Leave every picture out, and retype all the remaining records exactly.

***** Raw data *****

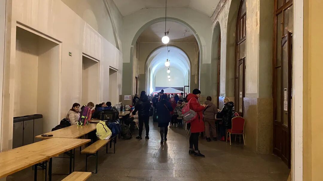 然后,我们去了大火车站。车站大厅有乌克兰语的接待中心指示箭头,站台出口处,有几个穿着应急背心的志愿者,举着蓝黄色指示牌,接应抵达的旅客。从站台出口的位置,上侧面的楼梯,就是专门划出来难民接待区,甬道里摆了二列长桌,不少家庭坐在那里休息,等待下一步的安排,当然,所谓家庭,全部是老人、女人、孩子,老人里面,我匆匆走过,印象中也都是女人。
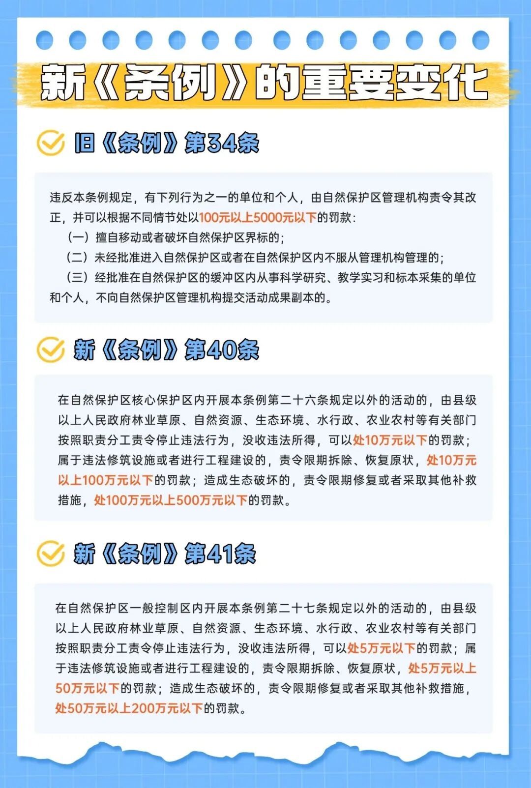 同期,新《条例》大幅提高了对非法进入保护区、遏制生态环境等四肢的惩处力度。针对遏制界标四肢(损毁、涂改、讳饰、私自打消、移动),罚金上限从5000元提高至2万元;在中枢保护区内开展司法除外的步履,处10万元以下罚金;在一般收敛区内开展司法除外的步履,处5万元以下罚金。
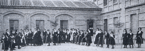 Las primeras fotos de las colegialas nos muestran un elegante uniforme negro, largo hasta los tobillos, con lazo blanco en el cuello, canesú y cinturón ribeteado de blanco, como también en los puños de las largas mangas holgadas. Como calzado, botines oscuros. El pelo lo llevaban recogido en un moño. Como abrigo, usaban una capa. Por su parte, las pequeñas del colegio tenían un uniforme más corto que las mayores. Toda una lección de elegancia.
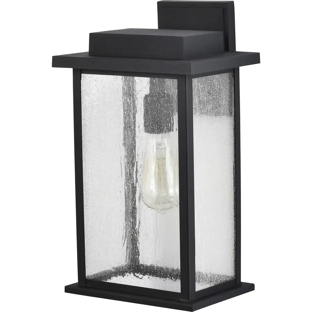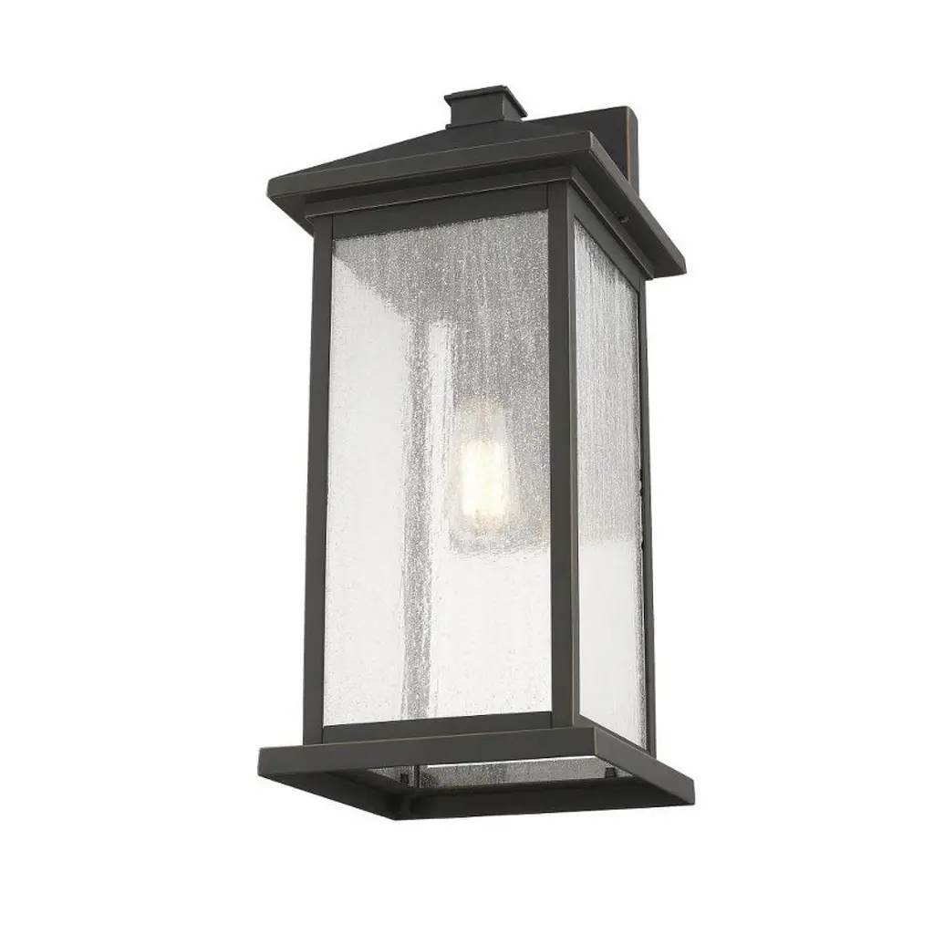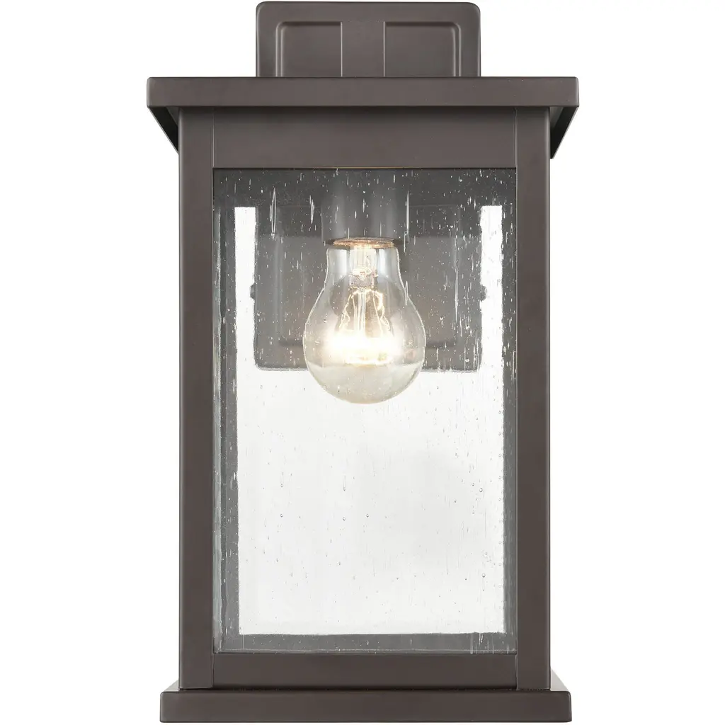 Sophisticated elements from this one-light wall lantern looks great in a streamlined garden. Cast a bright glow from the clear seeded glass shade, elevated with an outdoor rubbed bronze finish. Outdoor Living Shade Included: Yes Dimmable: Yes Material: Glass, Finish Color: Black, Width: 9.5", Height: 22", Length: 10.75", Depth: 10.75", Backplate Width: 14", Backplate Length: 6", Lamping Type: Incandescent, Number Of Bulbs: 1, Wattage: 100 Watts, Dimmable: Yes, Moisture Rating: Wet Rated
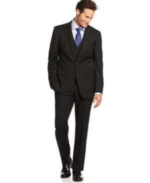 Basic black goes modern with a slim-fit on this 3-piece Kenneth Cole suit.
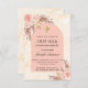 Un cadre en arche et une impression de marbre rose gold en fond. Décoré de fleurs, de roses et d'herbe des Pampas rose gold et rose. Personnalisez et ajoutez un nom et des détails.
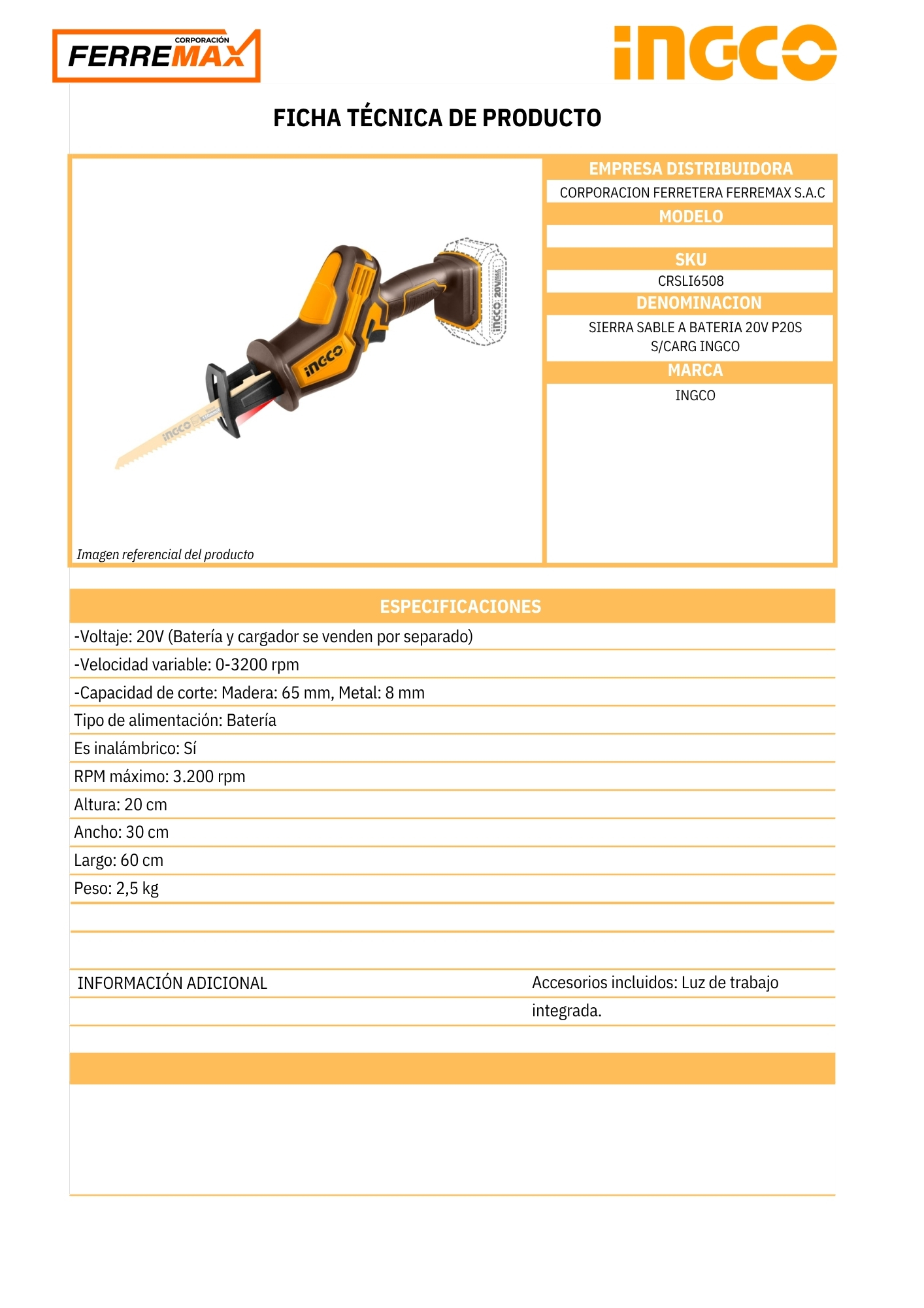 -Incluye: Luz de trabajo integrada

*****

Expected answer ->
 然后,我们去了大火车站。车站大厅有乌克兰语的接待中心指示箭头,站台出口处,有几个穿着应急背心的志愿者,举着蓝黄色指示牌,接应抵达的旅客。从站台出口的位置,上侧面的楼梯,就是专门划出来难民接待区,甬道里摆了二列长桌,不少家庭坐在那里休息,等待下一步的安排,当然,所谓家庭,全部是老人、女人、孩子,老人里面,我匆匆走过,印象中也都是女人。
 同期,新《条例》大幅提高了对非法进入保护区、遏制生态环境等四肢的惩处力度。针对遏制界标四肢(损毁、涂改、讳饰、私自打消、移动),罚金上限从5000元提高至2万元;在中枢保护区内开展司法除外的步履,处10万元以下罚金;在一般收敛区内开展司法除外的步履,处5万元以下罚金。
 Las primeras fotos de las colegialas nos muestran un elegante uniforme negro, largo hasta los tobillos, con lazo blanco en el cuello, canesú y cinturón ribeteado de blanco, como también en los puños de las largas mangas holgadas. Como calzado, botines oscuros. El pelo lo llevaban recogido en un moño. Como abrigo, usaban una capa. Por su parte, las pequeñas del colegio tenían un uniforme más corto que las mayores. Toda una lección de elegancia.
 Sophisticated elements from this one-light wall lantern looks great in a streamlined garden. Cast a bright glow from the clear seeded glass shade, elevated with an outdoor rubbed bronze finish. Outdoor Living Shade Included: Yes Dimmable: Yes Material: Glass, Finish Color: Black, Width: 9.5", Height: 22", Length: 10.75", Depth: 10.75", Backplate Width: 14", Backplate Length: 6", Lamping Type: Incandescent, Number Of Bulbs: 1, Wattage: 100 Watts, Dimmable: Yes, Moisture Rating: Wet Rated
 Basic black goes modern with a slim-fit on this 3-piece Kenneth Cole suit.
 Un cadre en arche et une impression de marbre rose gold en fond. Décoré de fleurs, de roses et d'herbe des Pampas rose gold et rose. Personnalisez et ajoutez un nom et des détails.
 -Incluye: Luz de trabajo integrada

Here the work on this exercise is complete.